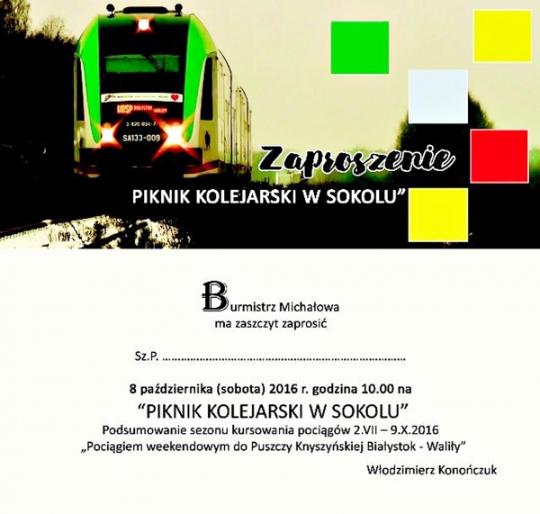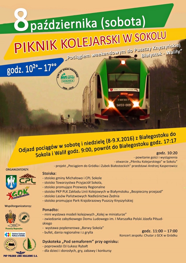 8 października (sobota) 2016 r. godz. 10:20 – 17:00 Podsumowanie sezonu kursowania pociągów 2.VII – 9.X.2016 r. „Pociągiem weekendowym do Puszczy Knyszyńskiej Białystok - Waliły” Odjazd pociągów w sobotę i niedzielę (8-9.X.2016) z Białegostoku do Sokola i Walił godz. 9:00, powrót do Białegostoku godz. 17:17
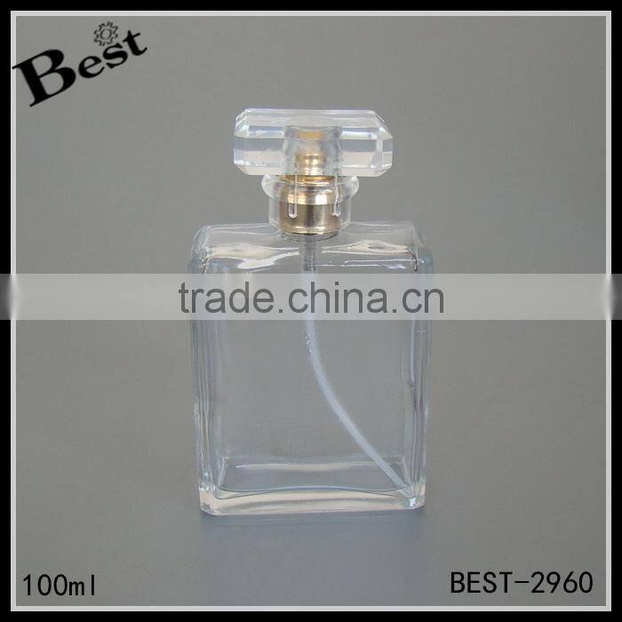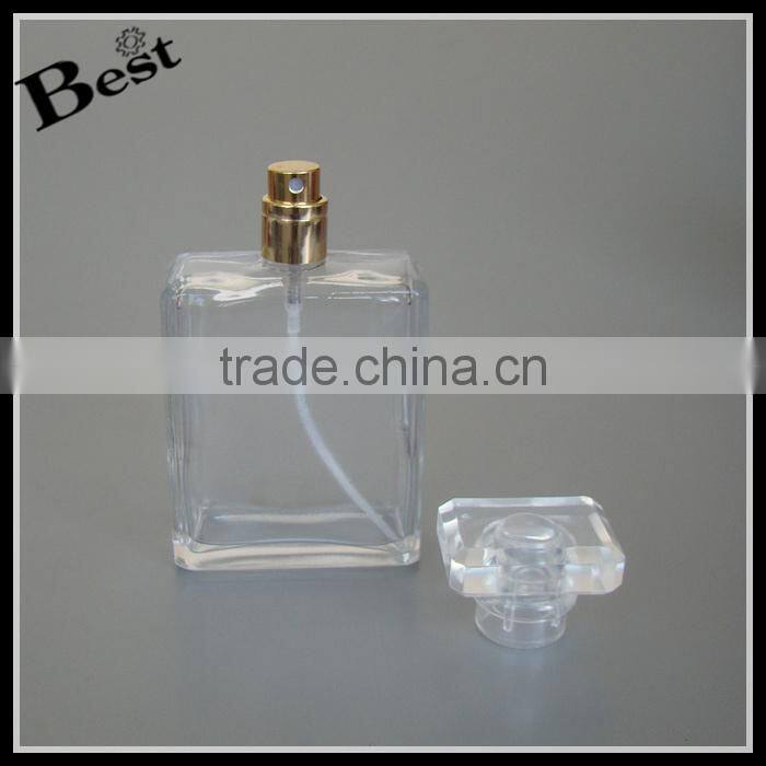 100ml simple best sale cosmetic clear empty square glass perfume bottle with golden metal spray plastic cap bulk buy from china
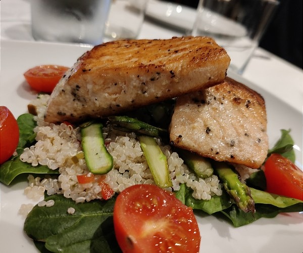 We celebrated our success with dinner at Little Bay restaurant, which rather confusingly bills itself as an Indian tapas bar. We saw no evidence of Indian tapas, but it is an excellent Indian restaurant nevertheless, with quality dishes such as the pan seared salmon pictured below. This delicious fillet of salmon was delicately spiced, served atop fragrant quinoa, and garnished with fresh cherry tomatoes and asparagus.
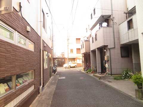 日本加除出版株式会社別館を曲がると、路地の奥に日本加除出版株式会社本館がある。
◆ ◆ ◆ ◆ ◆ ◆ ◆
Description of the task :: Print only the lines running from the one containing "100ml simple best" to the end of the data above, exactly; include no pictures.

Solution to this problem ::
 100ml simple best sale cosmetic clear empty square glass perfume bottle with golden metal spray plastic cap bulk buy from china
 We celebrated our success with dinner at Little Bay restaurant, which rather confusingly bills itself as an Indian tapas bar. We saw no evidence of Indian tapas, but it is an excellent Indian restaurant nevertheless, with quality dishes such as the pan seared salmon pictured below. This delicious fillet of salmon was delicately spiced, served atop fragrant quinoa, and garnished with fresh cherry tomatoes and asparagus.
 日本加除出版株式会社別館を曲がると、路地の奥に日本加除出版株式会社本館がある。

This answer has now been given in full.